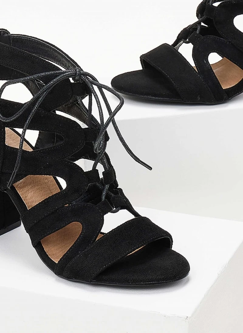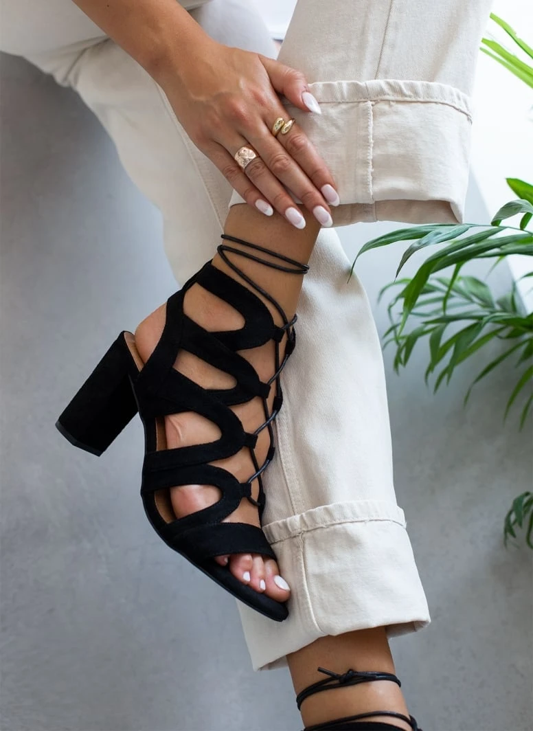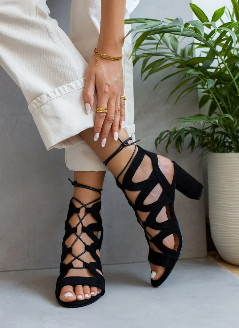 Πέδιλα μποτάκια suede με κορδόνια. Ψηλό χοντρό τακούνι. Δένουν στο ύψος του αστραγάλου. Στρογγυλή γραμμή.
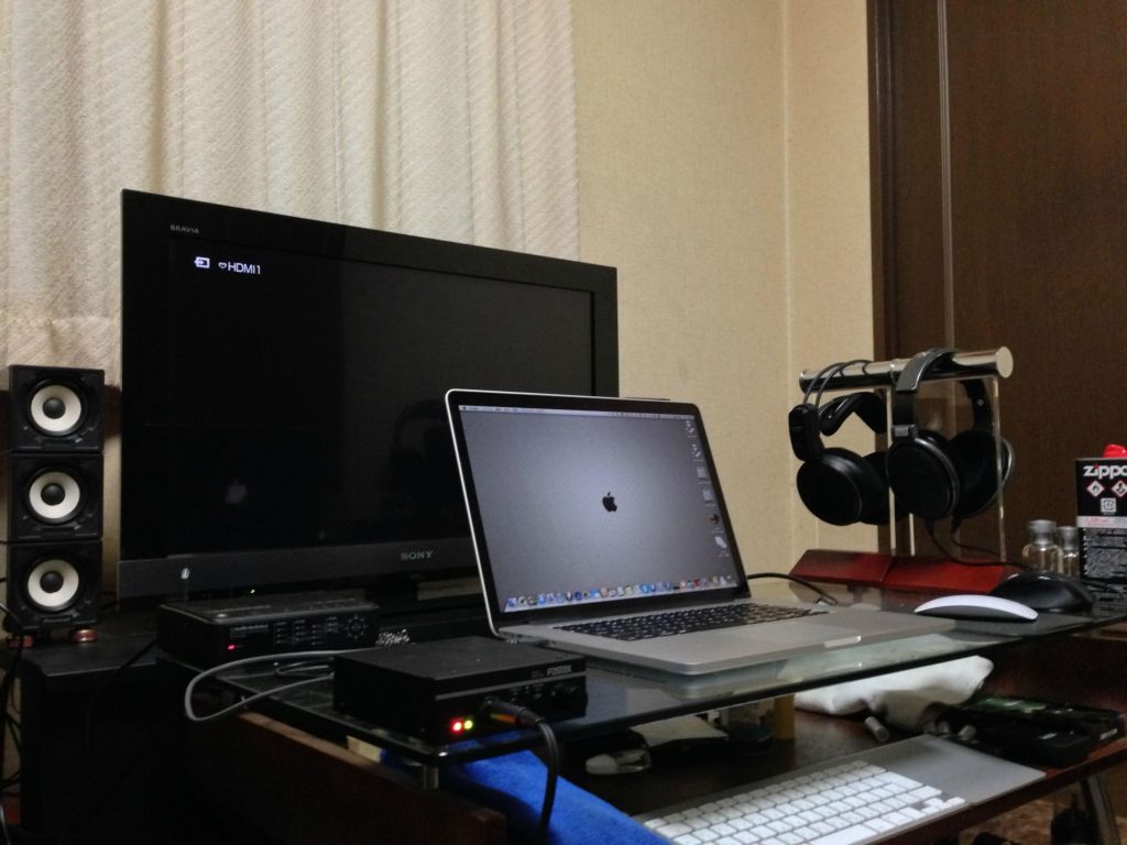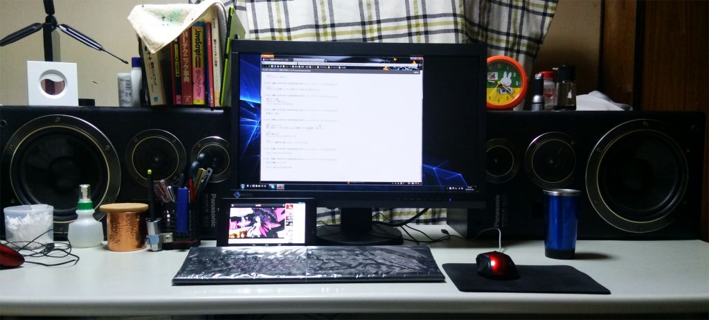 奥の液晶はノートをHDMIかAirplayで接続してから画面閉じて使ってる
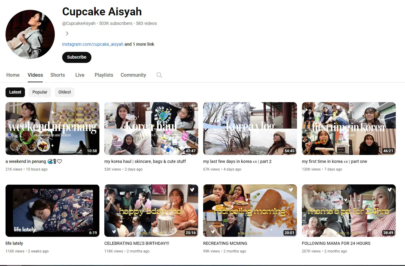 After a two month hiatus, Cupcake Aisyah posted her first video titled “Life Lately” where she was heard narrating a spoken word poem while showcasing a day in her life. She then started posting vlogs from her travels to Korea and, yesterday (Wednesday, 20th March), she posted her latest video which is a travel vlog of her time in Penang.
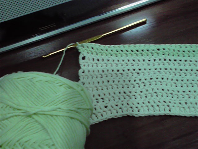 長編みでひたすら長方形に編んでるだけです。旦那が「俺この色好き」といった若草色と生成りのオーガニックコットンで縞々に編んでます。
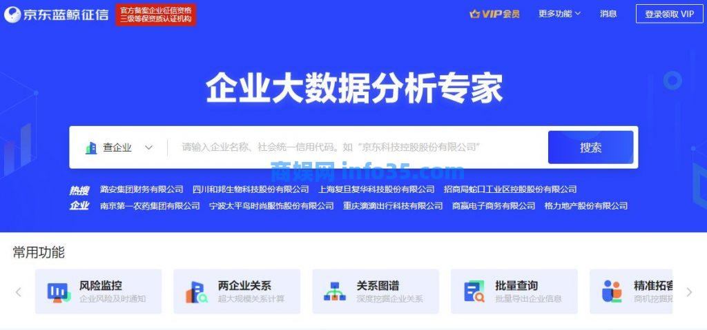 京东蓝鲸征信是京东集团旗下获得央行批准的企业征信服务的专业平台,跟爱企查、天眼查,企查查功能差不多。现在做活动送3年VIP会员。找工作、合作啥的,可以查一下,大家没事也可以查查自己的信息有没有被套用,变成法人之类的。

* _PROBLEM REQUIREMENTS_
Go through the entries above and output them exactly, without pictures.

* _RESPONSE BELOW_
 Πέδιλα μποτάκια suede με κορδόνια. Ψηλό χοντρό τακούνι. Δένουν στο ύψος του αστραγάλου. Στρογγυλή γραμμή.
 奥の液晶はノートをHDMIかAirplayで接続してから画面閉じて使ってる
 After a two month hiatus, Cupcake Aisyah posted her first video titled “Life Lately” where she was heard narrating a spoken word poem while showcasing a day in her life. She then started posting vlogs from her travels to Korea and, yesterday (Wednesday, 20th March), she posted her latest video which is a travel vlog of her time in Penang.
 長編みでひたすら長方形に編んでるだけです。旦那が「俺この色好き」といった若草色と生成りのオーガニックコットンで縞々に編んでます。
 京东蓝鲸征信是京东集团旗下获得央行批准的企业征信服务的专业平台,跟爱企查、天眼查,企查查功能差不多。现在做活动送3年VIP会员。找工作、合作啥的,可以查一下,大家没事也可以查查自己的信息有没有被套用,变成法人之类的。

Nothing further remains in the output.